Miro alrededor y veo a personas de la tercera edad sentadas en frágiles sillas plegables de madera, colocadas sobre una explanada de cemento, bajo un enorme domo de láminas y estructura de acero. Recuerdo que entre 1963 y 1968, en ese espacio, que antes era de tierra con espinos, corríamos, nos divertíamos con el papalote en tiempos de nortes y jugábamos futbol o beisbol.
En la plaza cívica de la escuela primaria Daniel C. Pineda, construida en 1946, pero fundada 10 años antes, la misma que fue mi primera casa de estudios y que ahora regreso a ella, veo a decenas de hombres y mujeres que, como yo, rebasan los 60 años de edad y caminan con dificultades hacia los jóvenes que, detrás de unas mesas, rápidamente rellenan unos formularios.

“¡Ya hay gente formada!”, alertaron unas voces a los integrantes de las familias Girón y Calderón, que viven justo enfrente de la institución educativa y a quienes, por orden alfabético, les correspondía la vacunación el miércoles 21. “No se preocupen, nos va a tocar (la vacuna)”, respondieron. Poco antes de las 12 del día, ya habían sido inoculados.

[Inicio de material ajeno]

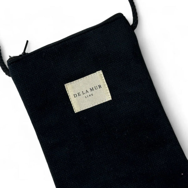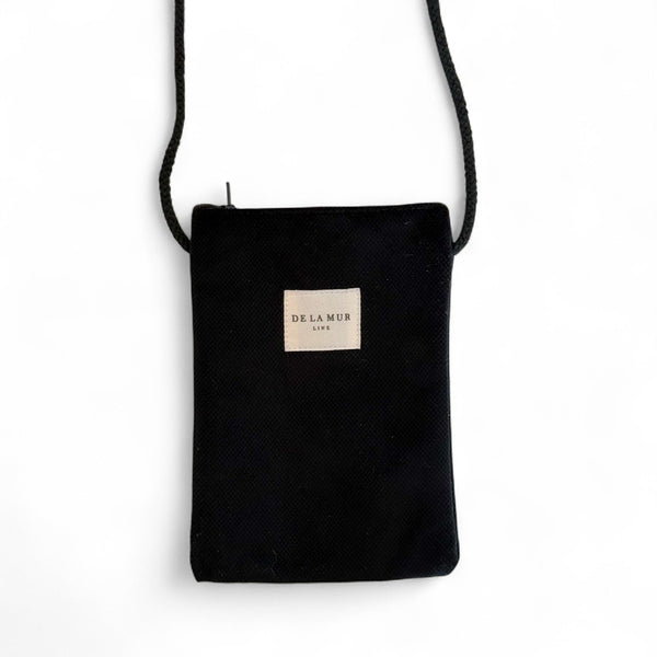Dieses hübsche Handy-Etui von La Mur Line ist aus dickem, schwarzem Samt gefertigt.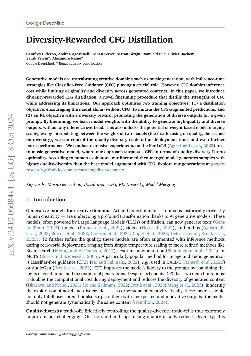Generative models are transforming creative domains such as music generation, with inference-time strategies like Classifier-Free Guidance (CFG) playing a crucial role. However, CFG doubles inference cost while limiting originality and diversity across generated contents. In this paper, we introduce diversity-rewarded CFG distillation, a novel finetuning procedure that distills the strengths of CFG while addressing its limitations. Our approach optimises two training objectives: (1) a distillation objective, encouraging the model alone (without CFG) to imitate the CFG-augmented predictions, and (2) an RL objective with a diversity reward, promoting the generation of diverse outputs for a given prompt. By finetuning, we learn model weights with the ability to generate high-quality and diverse outputs, without any inference overhead. This also unlocks the potential of weight-based model merging strategies: by interpolating between the weights of two models (the first focusing on quality, the second on diversity), we can control the quality-diversity trade-off at deployment time, and even further boost performance. We conduct extensive experiments on the MusicLM (Agostinelli et al., 2023) text-to-music generative model, where our approach surpasses CFG in terms of quality-diversity Pareto optimality. According to human evaluators, our finetuned-then-merged model generates samples with higher quality-diversity than the base model augmented with CFG. Explore our generations at https://google-research.github.io/seanet/musiclm/diverse_music/.

Por fortuna no fue un día tan caluroso como los anteriores; ese miércoles sopló un viento suave del norte y no se presentaron los problemas que se vivieron en los municipios de Valles Centrales, donde se aplicaron los primeros antígenos, por falta de información y mala organización.
Después de las 13 horas, ya no había personas con el apellido paterno de la A hasta la F y entonces, los responsables del programa de vacunación abrieron la oportunidad para los vecinos con apellidos L, M, V y Z.

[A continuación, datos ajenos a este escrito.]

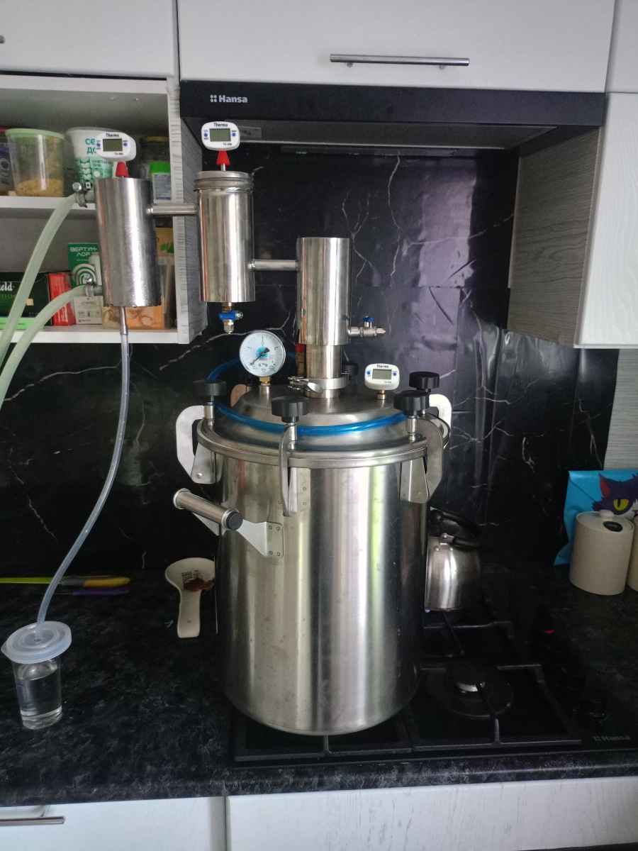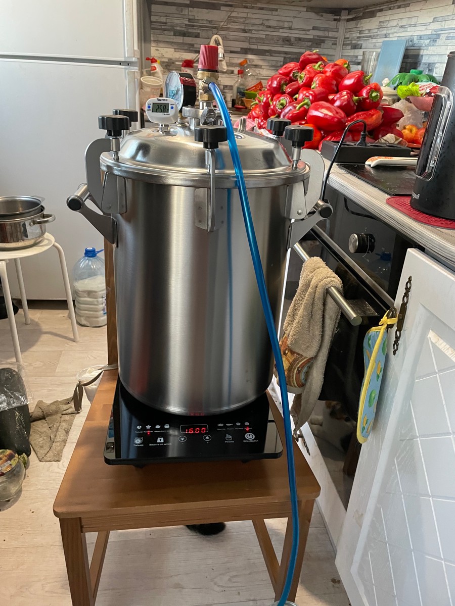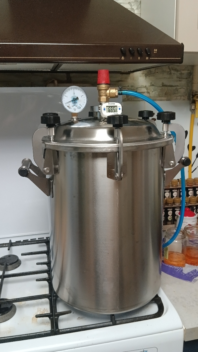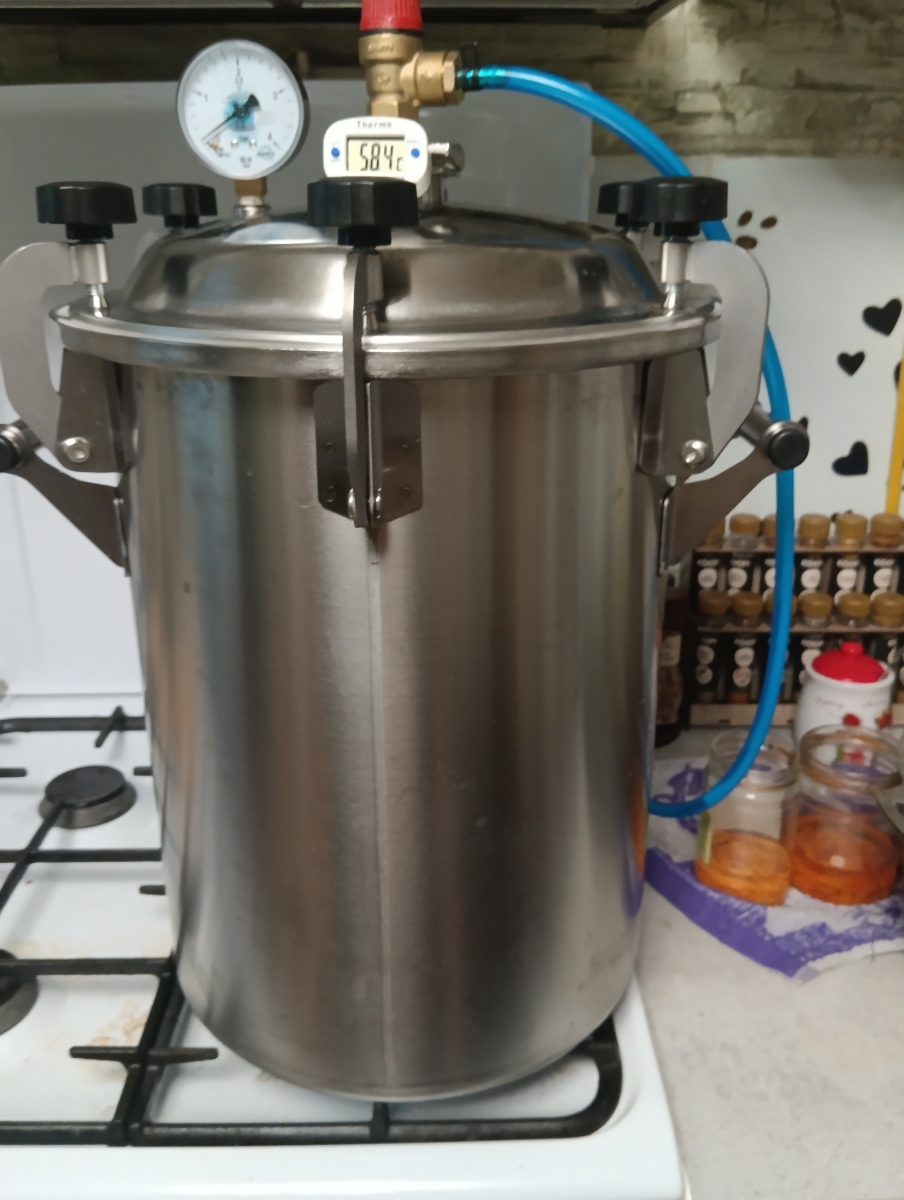 автоклав работает. при первом запуске только с водой на рабочую мощность вышел за 10 минут при 1,5 квт, клапан закрылся на температуре 77.6градусах. при полной загрузке за 1.5 часа на 99.6 градусах при 1 квт. с банками рабочее давление ниже, чем на пустом, при одинаковой температуре - 117 градусов, давление 1 бар. готовой продукции еще нет. автоклав еще в процессе работы.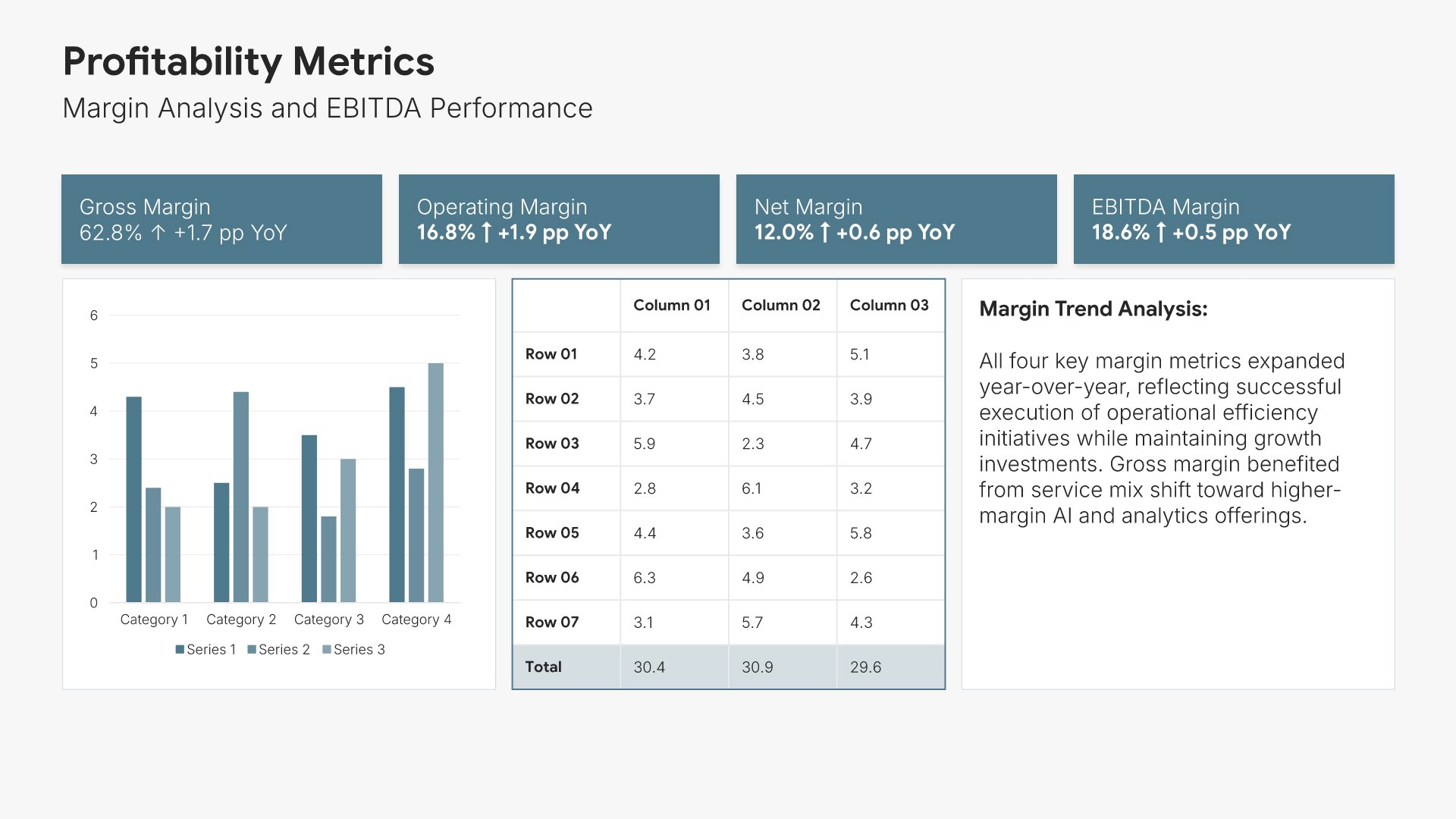 Replace text and image placeholders with your content effortlessly. Customize using tools like Powerpoint, Google Slides, or Keynote and present proudly.

Un elemento de la Policía Vial Municipal me vio llegar con la ayuda de mi sobrina Sonia, sobre todo para subir los escalones del acceso al plantel y la acera de los salones donde colocaron las mesas de recepción de los documentos: ¡López Morales, Alberto!, fue su efusivo saludo. Una señorita, colaboradora del programa, me invitó a pasar; iba a vacunarme por voluntad propia.

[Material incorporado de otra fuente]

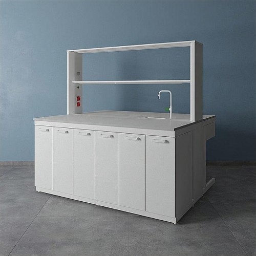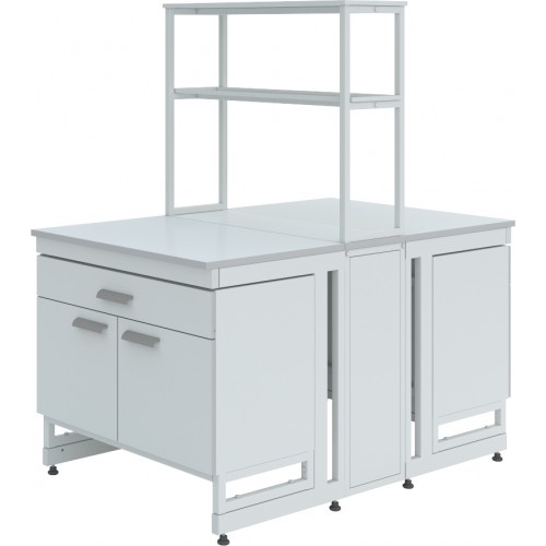 Стол островной ЛК-1800 СО дополнительно может комплектоваться различными тумбами, а также сливными раковинами, кранами для подвода воды или газа (сжатого воздуха), которые монтируются в технологическую приставку.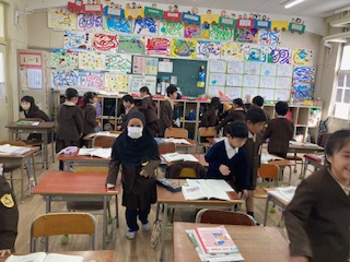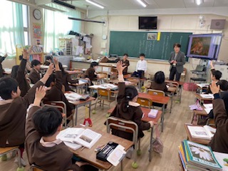 オオアリクイとコチドリの子どもの守り方の違いを読みました。オオアリクイでは同じ色の服の子同士がくっついた場合とそうでない時の見え方の違いに「敵の目をごまかとている。」という意味がわかりました。またコチドリの親になってみて、教科書本文の「目をそらす」という意味を掴むこともできました。

En ese momento, recordé algo chusco y sonreí, pensando en mi niñez. Cuando cursaba el segundo de primaria con la profesora Eira (1964). Entonces alcancé a ver que unas enfermeras de vestuario blanco y verde, con neveras en la mano, acudían a vacunarnos contra la polio, la tosferina, y el sarampión. No lo pensé, brinqué desde la ventana del salón, caí en la arenosa calle y corrí hasta la casa.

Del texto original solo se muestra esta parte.